The central arguments of the introduction share a view of Golding developed by recent critical accounts: their emphases on the translator’s skill with tone, with different accents (rustic and foreign), and with English detail and scenery, are harnessed in an appreciation which caps a modern rehabilitation of the work already underway. Forey goes a little further than most would, though, in likening Golding’s stylistic project, peppered as it is with unusual, regional, and archaic (or at least archaic-seeming) English words, to that of Spenser in the Shepheardes Calender. This comparison makes Golding’s characteristic language seem like something far more than an unavoidable quirk — which is right — but the lack of Spenser’s detailed theorizing and annotation is still a decisive difference.

Perhaps Forey’s most effective assertion of all, then, is that ‘Golding’s text freezes the English language at a moment of transition, part awkwardness, part new-found grace’; this catches it well enough, though a more dynamic metaphor than freezing might conjure up better the energy in this halfway position. This quality is seen as acutely as anywhere in the grand finale of the poem, where Golding proclaims that ‘Nor sword, nor fire, nor fretting age with all the force it hath / Are able to abolish quite’ his work (15.985-6).
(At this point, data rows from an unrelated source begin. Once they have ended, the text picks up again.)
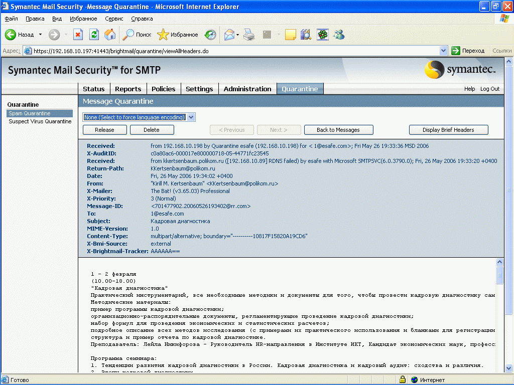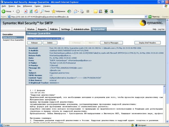 Рисунок 59: Quarantine – Spam Quarantine – Просмотр примера сообщения в карантине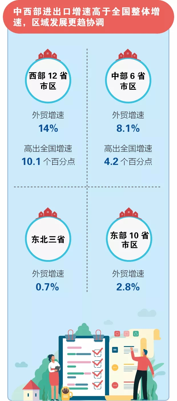 亮點(diǎn)三,區域外貿發(fā)展格局更趨優(yōu)化拓展。近年來(lái),中西部全方位開(kāi)放進(jìn)程加快,承接產(chǎn)業(yè)轉移能力增強,對外貿易加快發(fā)展。上半年,西部12省區市和中部6省進(jìn)出口分別增長(cháng)了14%和8.1%,均明顯高于整體進(jìn)出口增速。京津冀3省市、長(cháng)江經(jīng)濟帶11省市進(jìn)出口分別增長(cháng)3.7%和4%。
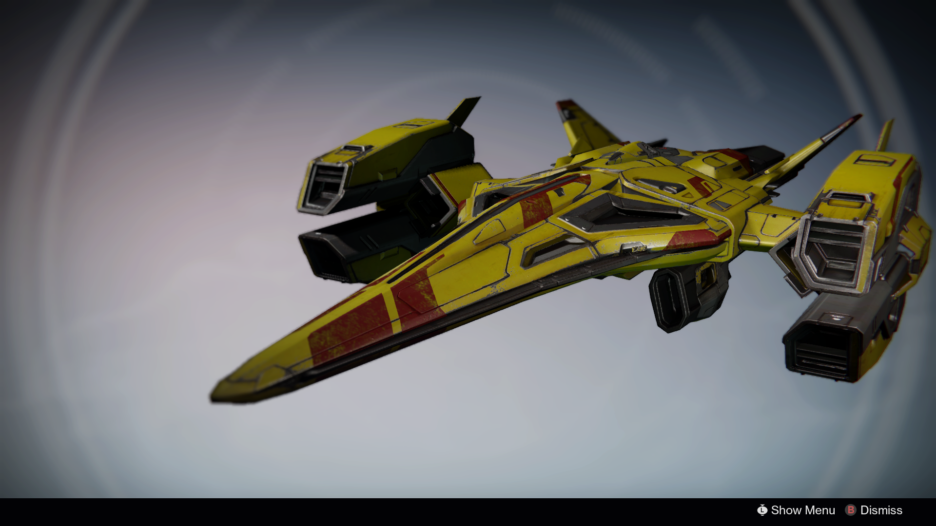 This image is a screenshot of a vehicle from the Destiny series of first-person shooter video games developed by Bungie Studios and published by Bungie or Activision. It falls under the screenshot category for a copyrighted computer game or video game, and the copyright for it is most likely held by the company that developed the game. It is believed that the use of a limited number of web-resolution screenshots: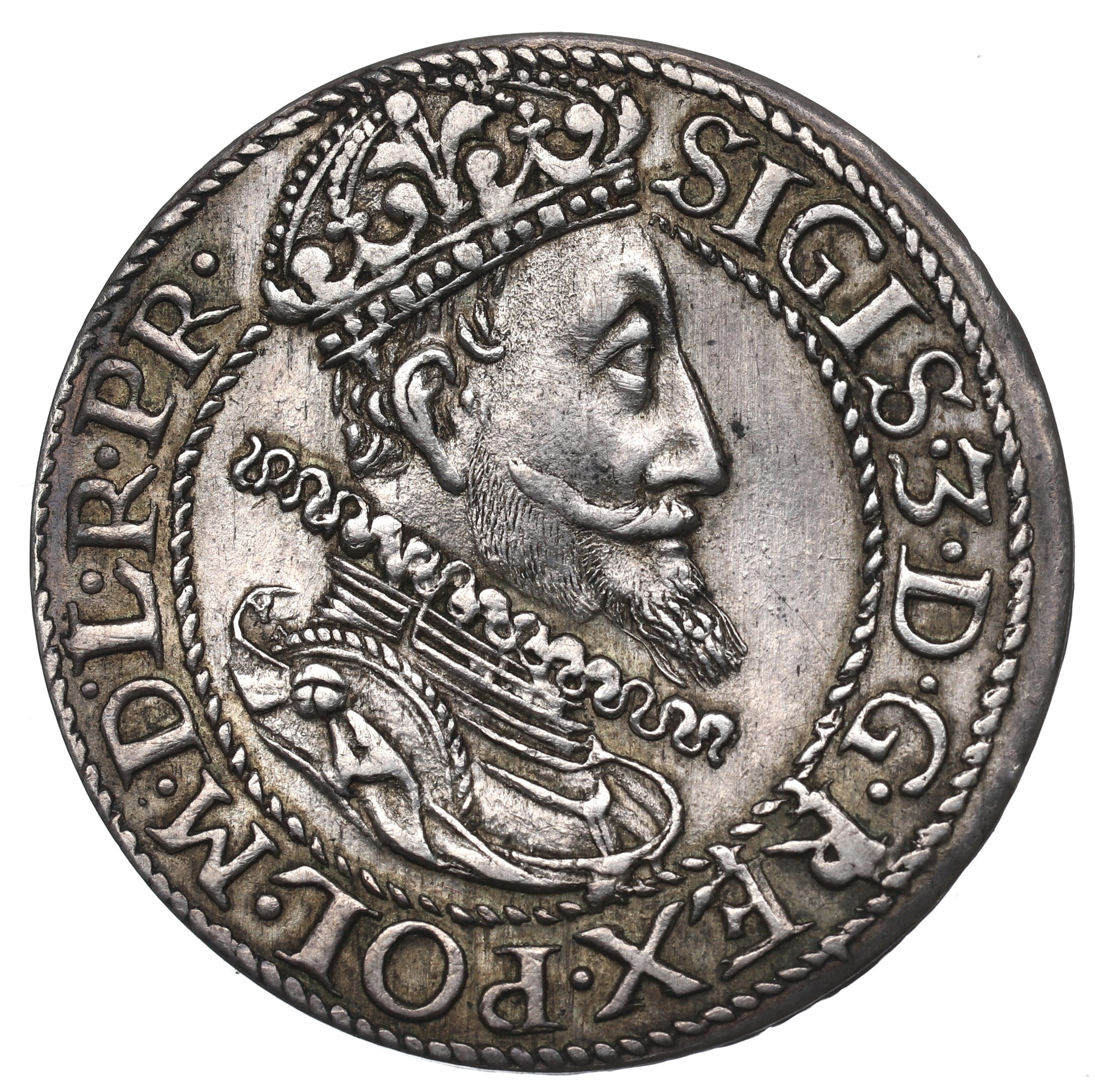 Rewers: popiersie Zygmunta III Wazy w koronie w prawo, w zbroi i płaszczu spiętym klejnotem, w kryzie rurkowatej, w otoku sznurowym, w otoku zewnętrznym legenda:

The modern reader pauses at ‘fretting’, scenting bathos. In fact the word is both a double bathos and quite the reverse, an intensifying choice: in the period ‘fret’ still carries its original sense of animals’ gnawing and eating, and is just beginning, in some writers, to hold its modern meaning — the gnawing of worry. A slip in either direction could result in a problematic deflation of the awesome power of time, but the actual result is a vivid image of time’s ever-present peevish cruelty, with a typical added note of boistrousness in denying time’s power.
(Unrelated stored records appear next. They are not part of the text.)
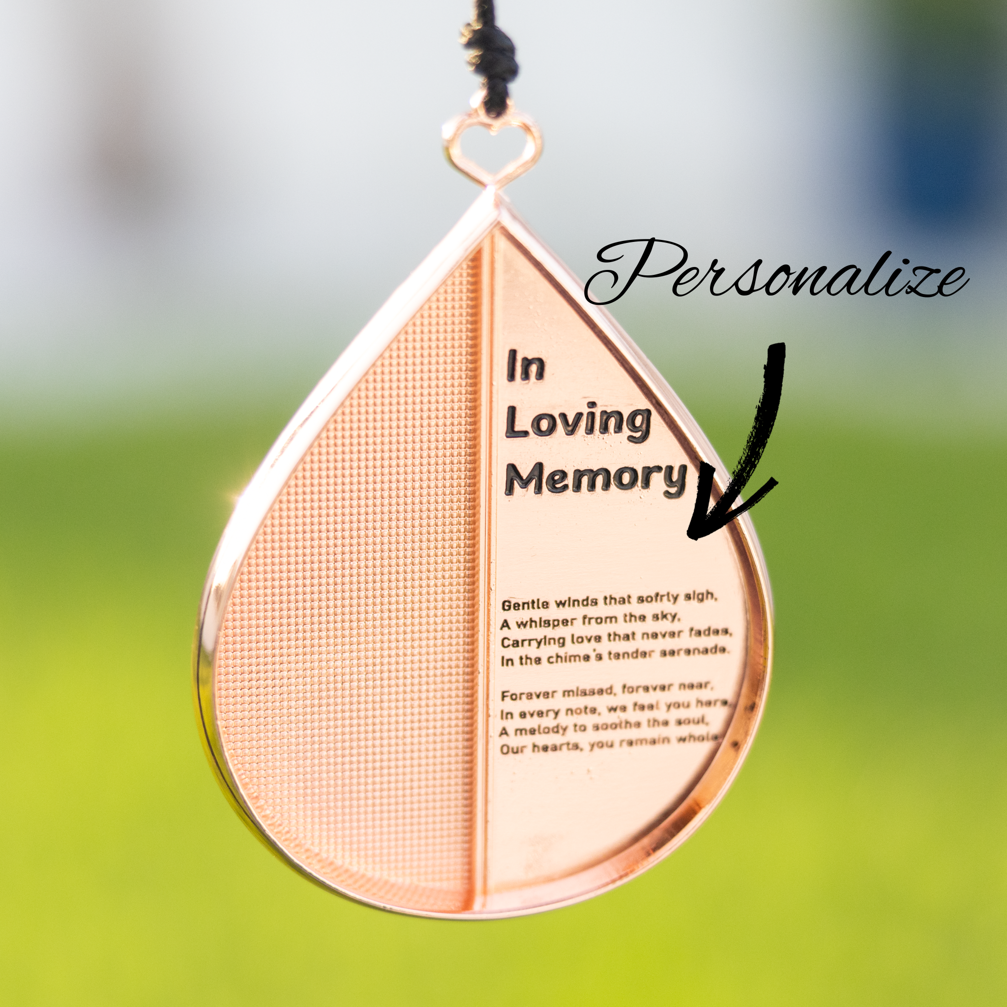 Provide a more meaningful gift with a personalized wind chime. The poems on the front of each sail stay, as shown on product listing. The personalization will replace the tree side of the sail pendant. We can use this side to create whatever you'd like in order to provide a touching gift cherishing those speical memories. Most customers still choose to use our signature tree, then personalize underneath it. Whichever the case, provide us details of your personalization by selecting the personalization option on the product page. If there is no option for personalization on product page, it’s not offered on that product currently but check back soon!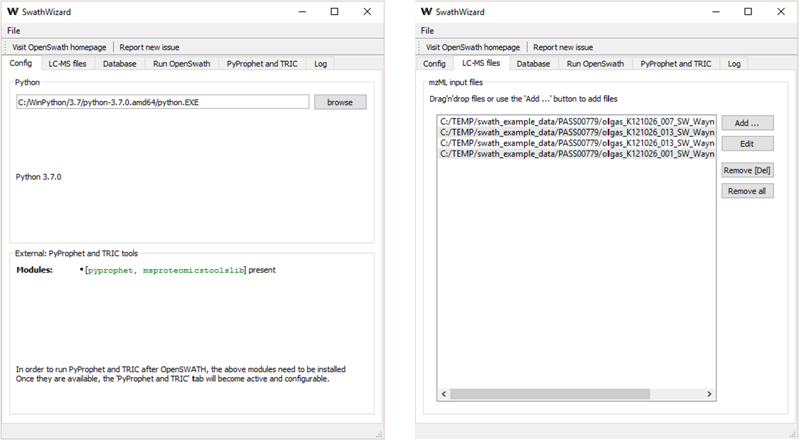 Users can enter the required input data (mzML MS/MS data, configuration files) in dedicated fields, usually by drag'n'droping files from the operating systems' file explorer (Explorer, Nautilus, Finder...). The output of the Wizard is both the intermediate files from OpenSWATH (e.g. the XIC data in .sqMass format) and the tab-separated table format (.tsv) from pyProphet and TRIC.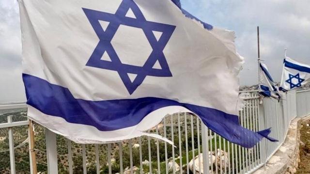 Banderas de Israel en límites de asentamientos.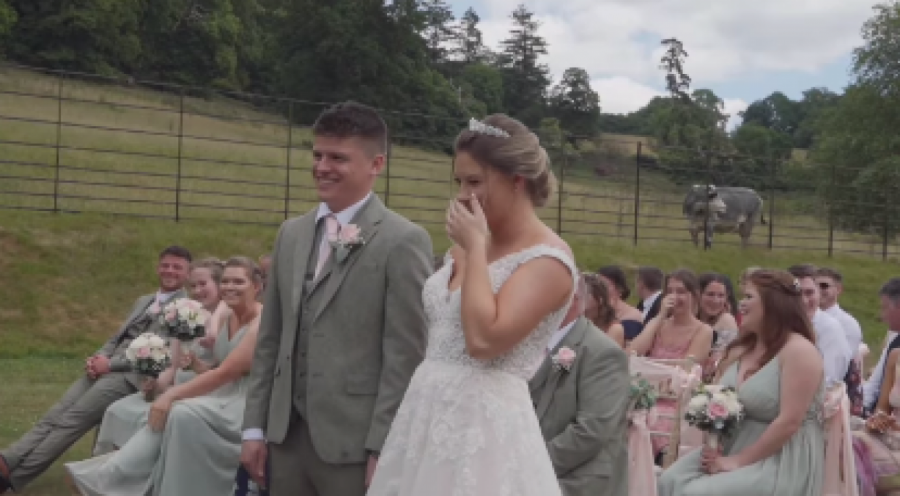 Životinja je opušteno šeta po susednom imanju, budući da je venčanje bilo na otvorenom i po svoj prilici na nečijoj farmi. Komšijska krava se tako osetila slobodnom da se oglasi ne jednom već čak tri puta, i to kako bi smeh gostiju i mladenaca utihnuo, a matičar nastavio.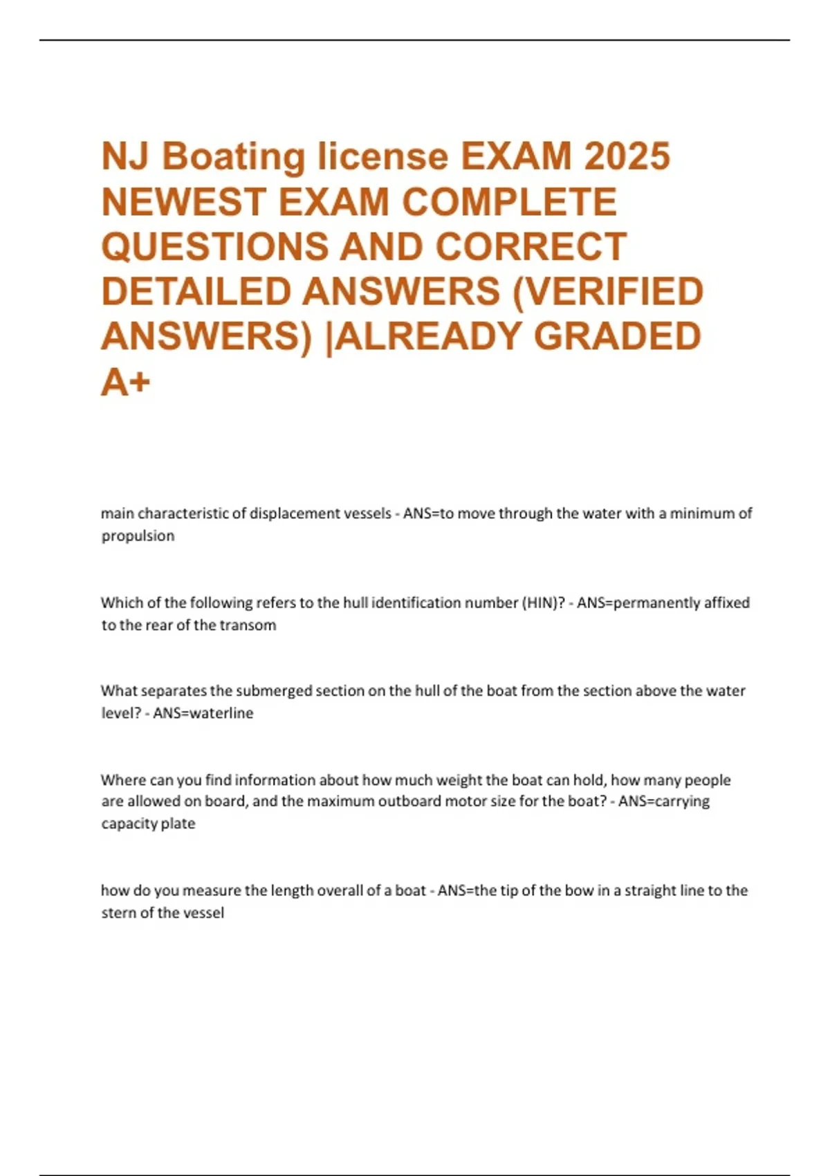 NJ Boating license EXAM 2025 NEWEST EXAM COMPLETE QUESTIONS AND CORRECT DETAILED ANSWERS (VERIFIED ANSWERS) |ALREADY GRADED A+||BRAND NEW 25025/2026!!
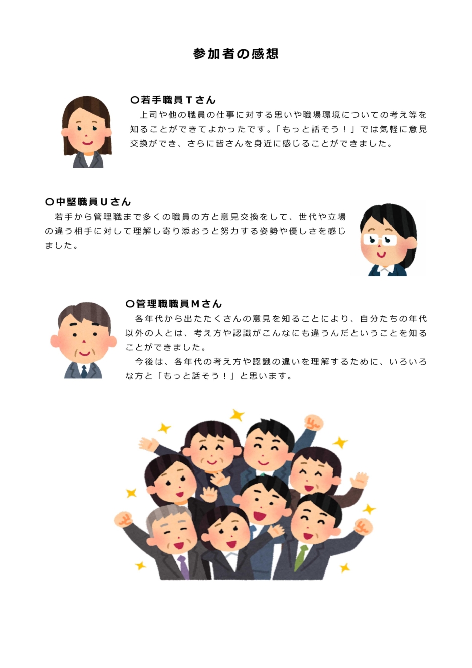 男女共同参画推進委員会の取組の一つとして、「もっと話そう!」と題し、若手職員、中堅職員、管理職職員それぞれがお互いに伝えたいことや聞いてみたいことを意見交換しました。

Golding is far more vulnerable than Ovid to the ravages of time, but he is currently safer than for a long while, thanks to Madeleine Forey’s edition. The 1567 quarto was a book to own, one that found its way into the possession of readers and writers who browsed it and dipped into it, who admired it and sometimes patronized it, but most of all who recognized its liveliness and its vivid image of the Metamorphoses. It is good to be able to do all of this again: Golding makes an ideal paperback classic, and this edition presents him to good effect.